La nouvelle loi ‘stop féminicide’ a-t-elle les moyens de ses ambitions? Catherine Fonck demande des mesures plus concrètes, Marie-Colline Leroy lui répond

Noé Spies
Noé Spies Journaliste au Vif

Le projet de loi « stop féminicide », adopté à l’unanimité au parlement, porte en lui de nombreux espoirs pour contrer les violences faites aux femmes. La Belgique est le premier pays européen à légiférer sur le sujet. Pour la députée Catherine Fonck (Les Engagés), « cette loi-cadre est positive mais doit s’accompagner de mesures plus concrètes. » Ces dispositifs « sont déjà prévus dans le plan d’action national », répond Marie-Colline Leroy, secrétaire d’État à l’Égalité des genres.  

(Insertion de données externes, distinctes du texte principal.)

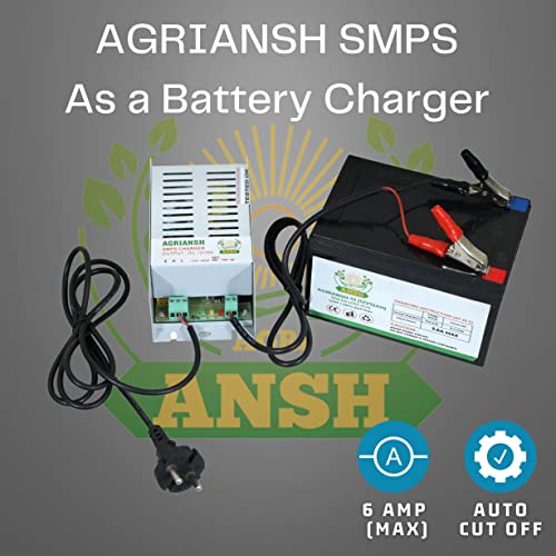 - हे AGRIANSH 12V DC आणि 5 Amp SMPS आधारित बॅटरी चार्जर / ऑटो कट ऑफ सिस्टमसह वीज पुरवठा.
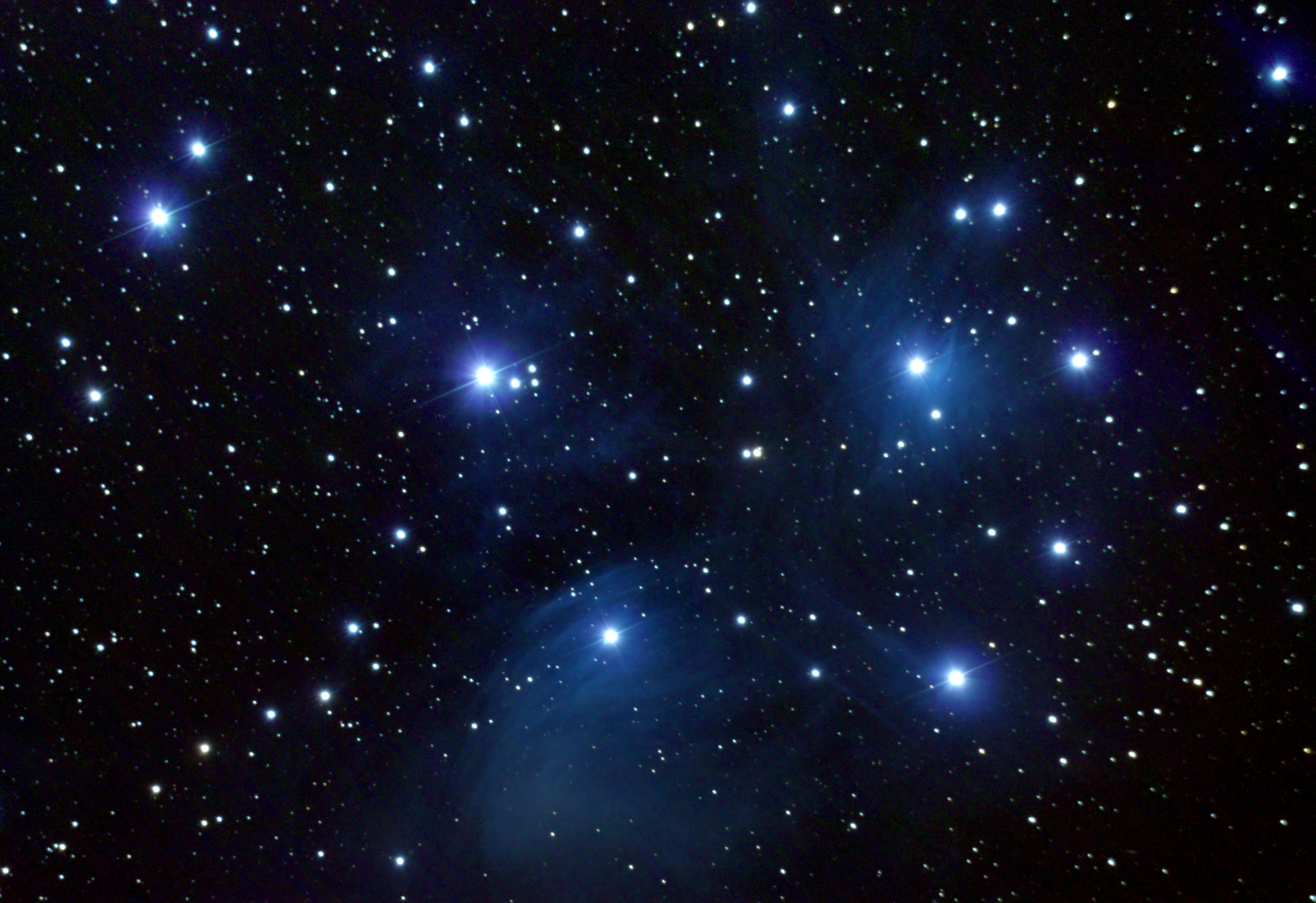 Die Plejaden aufgenommen am 02.02.2013 aus Coburg Stadt. 35min Gesamtbelichtungszeit mit Canon EOS 550Da am 8" f/4 Schmidt-Newton Teleskop.
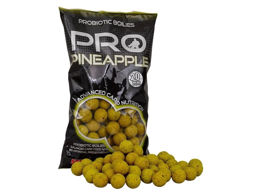 Starbaits Boilies Pro Pineaple 2,5kg 20mm - Pro Pineapple (ananas) je ďalším členom úspešných nástrah z radu Probiotic. Je to nutrične bohatá nástraha ľahko rozpoznateľná kaprom ako zdroj potravy.Rovnako ako ostatné boilies a komponenty je aj Pro Pineapple plné prírodných ingrediencií a derivátov ako sú kvasnice, betaín, extrakt z pečene, minerály, oleje, ktoré sú pre kapry prirodzené a potrebné pre ich výživu.
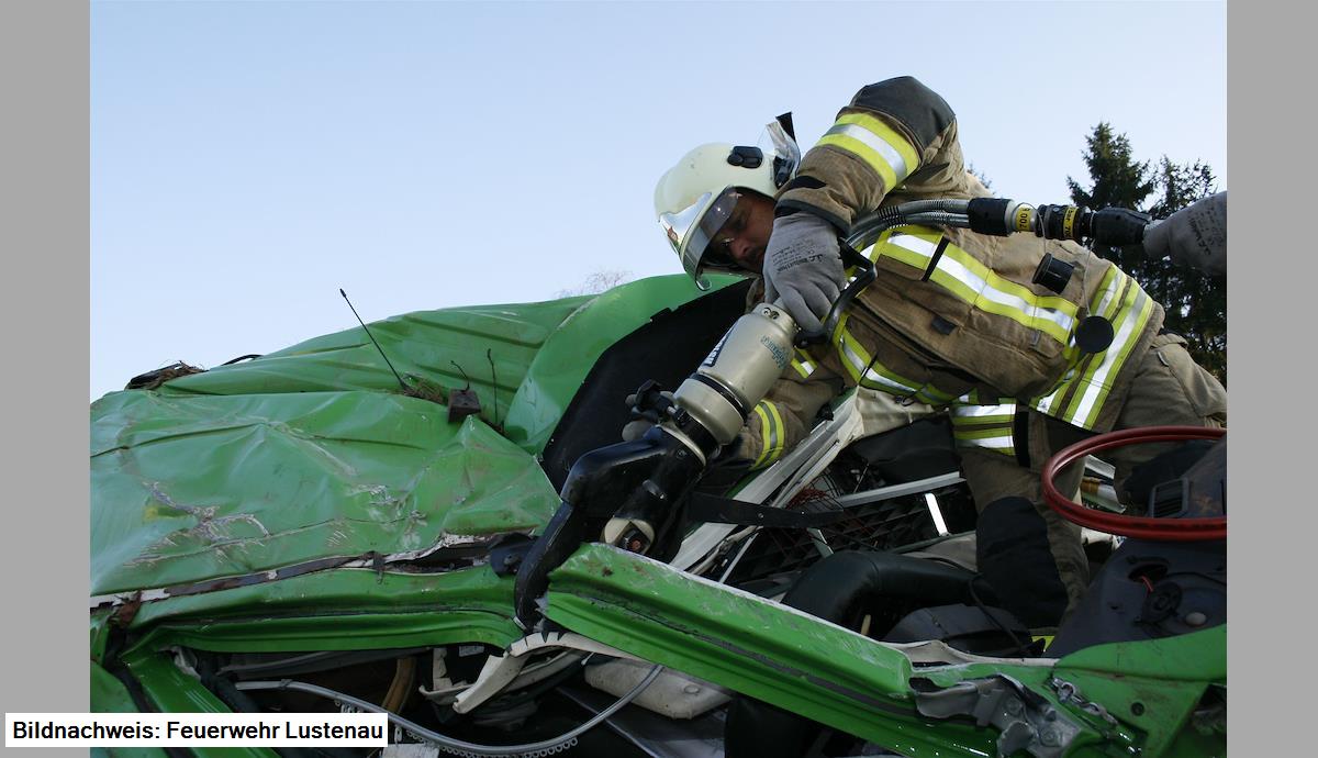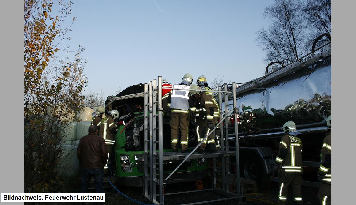 Den Abschluss unseres Nachmittagsprogramms bildete eine zwei Stunden dauernde praktische Übung an einer schwer verunfallten Sattelzugmaschine, welche uns freundlicherweise zum Üben zur Verfügung gestellt wurde. So konnten wir auch in der Praxis bei einem realistischen Übungsobjekt (moderne Sattelzugmaschine) den richtigen Einsatz aller uns zur Verfügung stehenden Gerätschaften beüben.
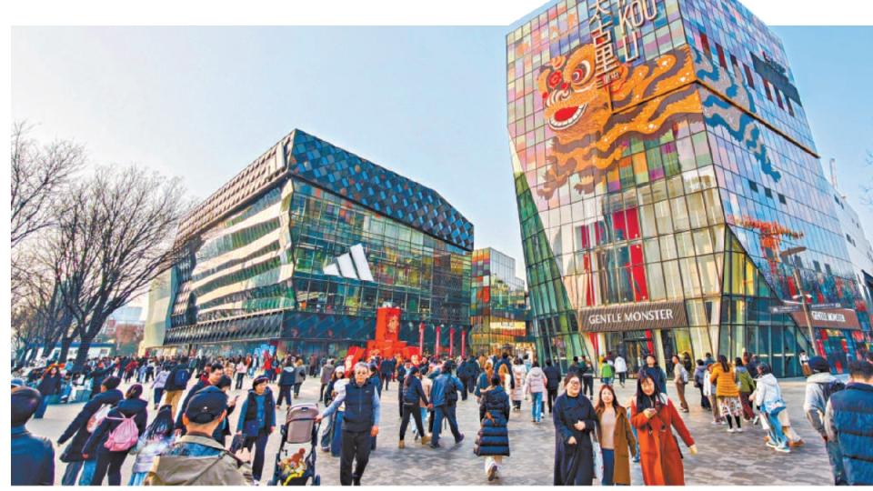 去年年底亮相的一系列全球奢侈品牌的独栋旗舰店,春节期间也吸引众多游客驻足。“还是第一次来,太炫酷了!”北京市民李先生带着家人首次来打卡,外立面形如花瓣的北京迪奥之家、在灯光映照下如同水晶宫殿的路易威登独栋建筑,都令他印象深刻。
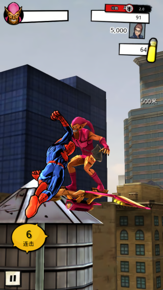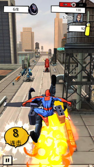 2、独特的游戏设置,非一般的跑酷游戏!和超级反派战斗,使用蛛丝飞荡、攀爬墙壁、完成高空跳跃!
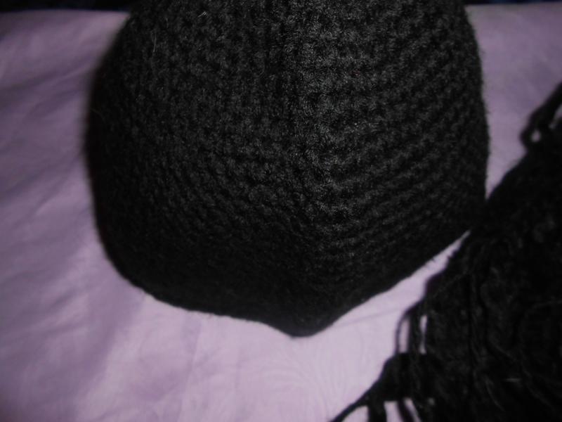 подростковая шапка вязанная плотной вязки.модель (горшок) цвет черный. высота-19см. на окружность головы 46-52см-55 грн. шарф около двух метров есть дырка модель такая что можно зашить и не будет видно-уценен-40 грн.вместе отдам за 80 грн.
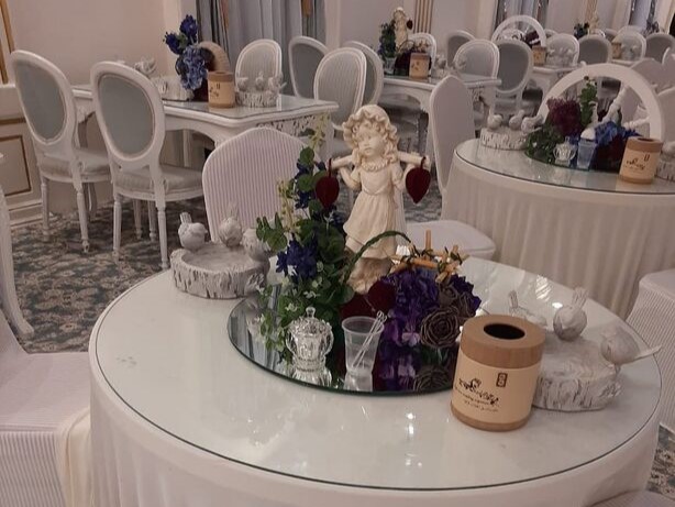 - القاعة مزودة بأثاث أنيق يتكون من طاولات مغطاة بأقمشة فخمة، وتزين الطاولات الفازات وأجمل الزهور.

Ce projet de loi est historique et important », lance Irène Zeilinger, sociologue et fondatrice de Garance, ASBL qui lutte contre les violences de genre.

Il est historique, de fait, car la Belgique fait office de pionnière en Europe. Aucun autre pays du Vieux Continent n’a légiféré sur la notion de féminicide auparavant. « Cela démontre que c’est un sujet qui n’a pas assez de résonnance au niveau des institutions des Etats », constate la sociologue.

Pour la fondatrice de Garance, cette loi apporte son lot d’avantages. D’abord, parce qu’elle établit des définitions différenciées aux féminicides : directs, indirects ou tentatives. Ensuite, parce que la loi induit une volonté de tirer des conclusions. Avec, à la clé, un espoir d’effet préventif global. « Cela permet à des cas peu médiatisés de prendre du sens. La loi rend aussi visible le caractère structurel des violences faites aux femmes », relève Irène Zeilinger.

Cette loi sera-t-elle suffisamment efficace en l’état ? C’est en tout cas l’espoir qui est placé en elle. Mais ses effets seront difficilement mesurables dans l’immédiat. « La justice se prononce souvent des années après les faits, il sera donc difficile de mesurer son effet rapidement », note Irène Zeilinger.

Pour la députée fédérale Catherine Fonck (Les Engagés), le projet de loi comporte en effet toute une série d’aspects positifs, comme les définitions de féminicide, un ajustement des données chiffrées, ou des formations spécifiques prévues pour la police et la justice. « Ces éléments sont intéressants, mais si on veut vraiment qu’il s’agisse d’un ‘stop féminicide’, il faut d’autres mesures effectives, au-delà de cette loi-cadre. Sans moyens suffisants, le projet ne sera qu’un vœu pieux », lance la cheffe de groupe des Engagés.

Les féminicides interviennent rarement comme un coup de tonnerre dans un ciel serein. Le grand enjeu est de pouvoir dépister les signaux d’alerte beaucoup plus tôt.

Catherine Fonck

« Les féminicides interviennent rarement comme un coup de tonnerre dans un ciel serein, poursuit Catherine Fonck. Dans la majorité des cas, on constate des signaux d’alerte en amont. Mais les mailles du filet de sécurité sont trop larges, et donc, ces signaux ne sont pas repérés. Le grand enjeu est de pouvoir dépister beaucoup plus tôt », estime-t-elle.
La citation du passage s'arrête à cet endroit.